Todd A
pfm Member
These seven discs represent one of the main draws of the Naxos Beethoven edition. Here are seven discs spread across two releases that I likely would never have purchased otherwise. I have a reasonably nice collection of art songs, but it is dominated first by Schubert (very rightly so), and then by various French composers (also rightly so). Until this set, I had acquired only a handful of Beethoven songs sung by Heinrich Schlusnus in one volume of the prior DG Beethoven Edition, which was purchased expressly for the Annie Fischer and Ferenc Fricay recording of the C Minor concerto, and only one measly complete disc of Beethoven songs from the L'Oiseau-Lyre classical era big-box which was purchased expressly for the Malcolm Binns sonata cycle. (Those evil transnational corporations literally forced me to buy a doorstop box. I may never forgive the shifty execs who ran the company at the time.) For this collection, even Mr Heymann didn't opt to commission all new recordings, instead opting to license a blob of them from Brilliant Classics. (And another blob from Capriccio, coming later.) Whatever works.

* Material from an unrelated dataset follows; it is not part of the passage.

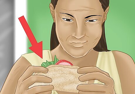 Look at how the person is chewing and handling food in their mouth. If any of these are true, the person might have "oral dysphagia", or dysphagia affecting the mouth. Is the person taking a long time to chew? Is the person chewing ineffectively or swallowing food that's only partially chewed up? Is there food being held ("pocketed") in the person's cheek on one or both sides? Is the person impulsively putting too much food in their mouth? Is there residual food stuck to the person's tongue, teeth, or in the back of their throat after they swallowed? Remember that the person may or may not be able to feel it. Try to have the person open their mouth after they swallowed and take a peek inside. Is the person losing any food or liquid out the front of their mouth, because their lips aren't closed all the way? Does the person avoid food or seem like they have an aversion to food?

Anyway, there are too many small songs spread across too many discs to really do an in-depth summation. Rather, I can just report that Beethoven, author of some of the most radical and revolutionary music, music that smashed the strictures and limits of forms of the day in works like Op 55, and the visionary genius who pointed the way to the future in works like Op 131 while transcending feeble human limits of musical expression, also penned nifty, tuneful miniatures. Having not listened to pretty much any of these works, and not reading any liner notes or anything online, I came in expecting serious and weighty songs for piano and vocalist, but instead I was greeted by something novel - and not coronavirus: Beethoven set his renditions of folk tunes mostly for soloist and piano trio. How about that? And wouldn't you know - and really you should - the combination works splendidly. Beethoven provides lovely support from the piano, but the strings add an additional lightness, an additional sweetness in places, and an additional sense of subdued prankishness in places. The tunefulness approaches Schubertian goodness in places, too. The music is unmistakably Beethoven's, as some common figurations, phrasing, key choices, and so forth make their appearance, but it is lighter, funner Beethoven. And how great is it to hear Beethoven's music supporting English texts, very ably sung and very easily understandable on top of all of that, including a proper setting of Auld Lang Syne? It's pretty freakin' great, that's how great it is.